_DATA FOR THIS EXERCISE_.
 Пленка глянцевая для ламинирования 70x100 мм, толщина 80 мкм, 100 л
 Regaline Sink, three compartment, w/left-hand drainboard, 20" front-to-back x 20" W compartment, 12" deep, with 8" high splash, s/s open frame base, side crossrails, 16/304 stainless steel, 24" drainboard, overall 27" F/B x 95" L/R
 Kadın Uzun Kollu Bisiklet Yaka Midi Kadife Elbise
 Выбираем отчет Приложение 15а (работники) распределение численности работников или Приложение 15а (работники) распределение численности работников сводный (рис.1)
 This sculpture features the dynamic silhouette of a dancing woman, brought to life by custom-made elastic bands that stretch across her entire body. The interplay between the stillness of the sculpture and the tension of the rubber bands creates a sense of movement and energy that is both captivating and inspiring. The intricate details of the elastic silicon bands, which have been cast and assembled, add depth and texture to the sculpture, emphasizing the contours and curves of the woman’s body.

...

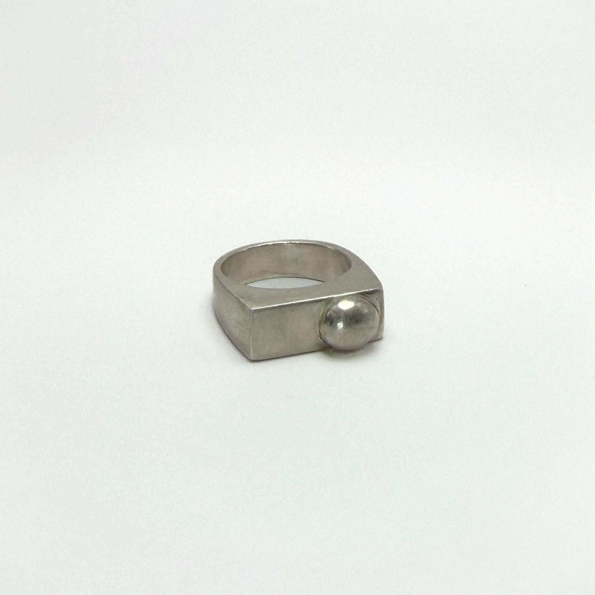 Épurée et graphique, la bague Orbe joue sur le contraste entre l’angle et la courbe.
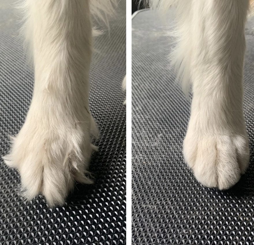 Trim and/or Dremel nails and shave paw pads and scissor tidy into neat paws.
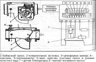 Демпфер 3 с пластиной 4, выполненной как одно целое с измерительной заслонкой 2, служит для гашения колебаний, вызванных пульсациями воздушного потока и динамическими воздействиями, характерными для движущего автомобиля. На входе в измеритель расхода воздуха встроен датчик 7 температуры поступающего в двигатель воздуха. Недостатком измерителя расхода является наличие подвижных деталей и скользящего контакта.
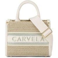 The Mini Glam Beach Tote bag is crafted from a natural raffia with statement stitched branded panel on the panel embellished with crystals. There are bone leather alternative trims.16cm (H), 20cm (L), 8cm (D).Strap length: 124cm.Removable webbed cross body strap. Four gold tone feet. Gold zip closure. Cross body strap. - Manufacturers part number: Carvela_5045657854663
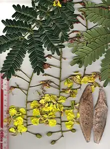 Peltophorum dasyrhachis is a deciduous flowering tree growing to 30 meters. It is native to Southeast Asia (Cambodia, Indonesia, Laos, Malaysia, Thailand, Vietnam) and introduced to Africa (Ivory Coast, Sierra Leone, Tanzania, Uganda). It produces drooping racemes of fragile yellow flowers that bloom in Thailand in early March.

--

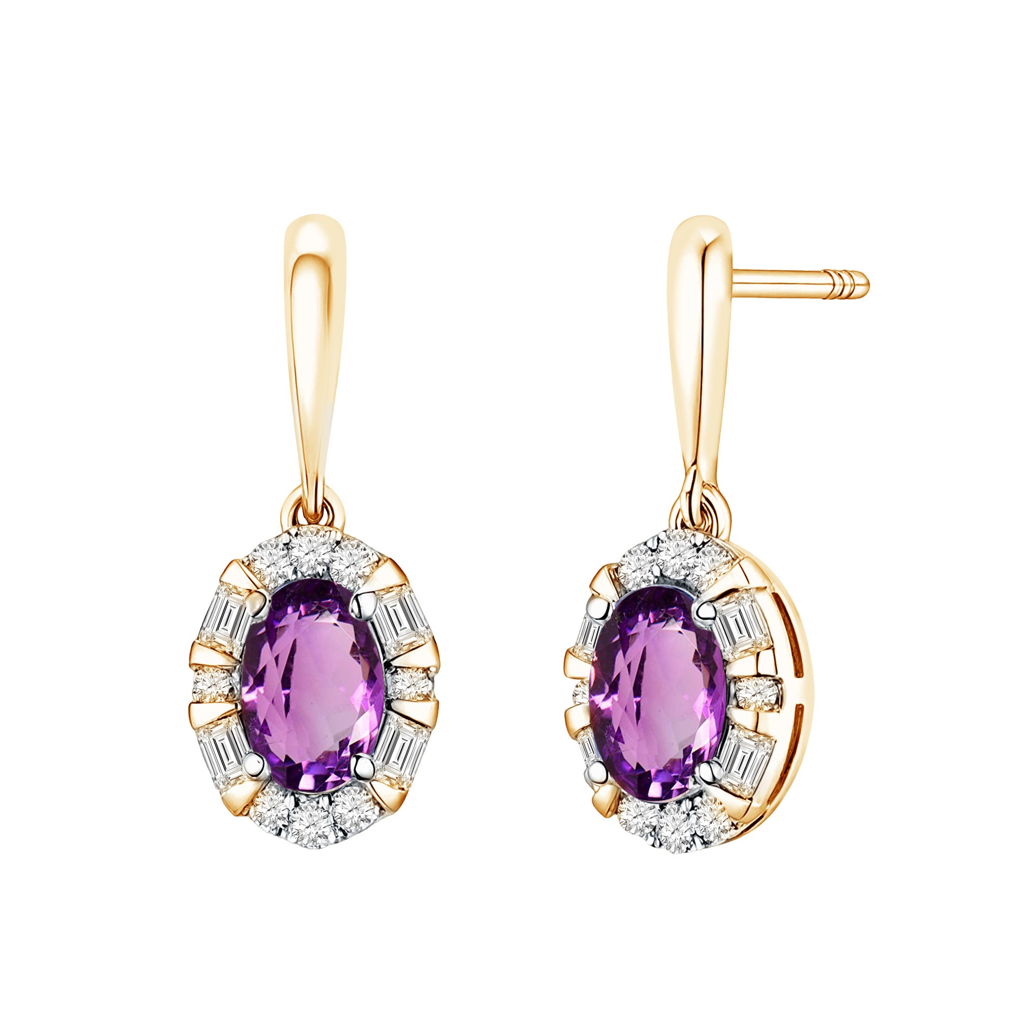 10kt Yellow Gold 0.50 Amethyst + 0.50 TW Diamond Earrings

_EXERCISE AIM_. A word-for-word reproduction is needed of the lines above from the line containing "The Mini Glam" through the line containing "Peltophorum dasyrhachis is", with both ends kept and no pictures.

_ANSWER FOR THIS EXERCISE_.
 The Mini Glam Beach Tote bag is crafted from a natural raffia with statement stitched branded panel on the panel embellished with crystals. There are bone leather alternative trims.16cm (H), 20cm (L), 8cm (D).Strap length: 124cm.Removable webbed cross body strap. Four gold tone feet. Gold zip closure. Cross body strap. - Manufacturers part number: Carvela_5045657854663
 Peltophorum dasyrhachis is a deciduous flowering tree growing to 30 meters. It is native to Southeast Asia (Cambodia, Indonesia, Laos, Malaysia, Thailand, Vietnam) and introduced to Africa (Ivory Coast, Sierra Leone, Tanzania, Uganda). It produces drooping racemes of fragile yellow flowers that bloom in Thailand in early March.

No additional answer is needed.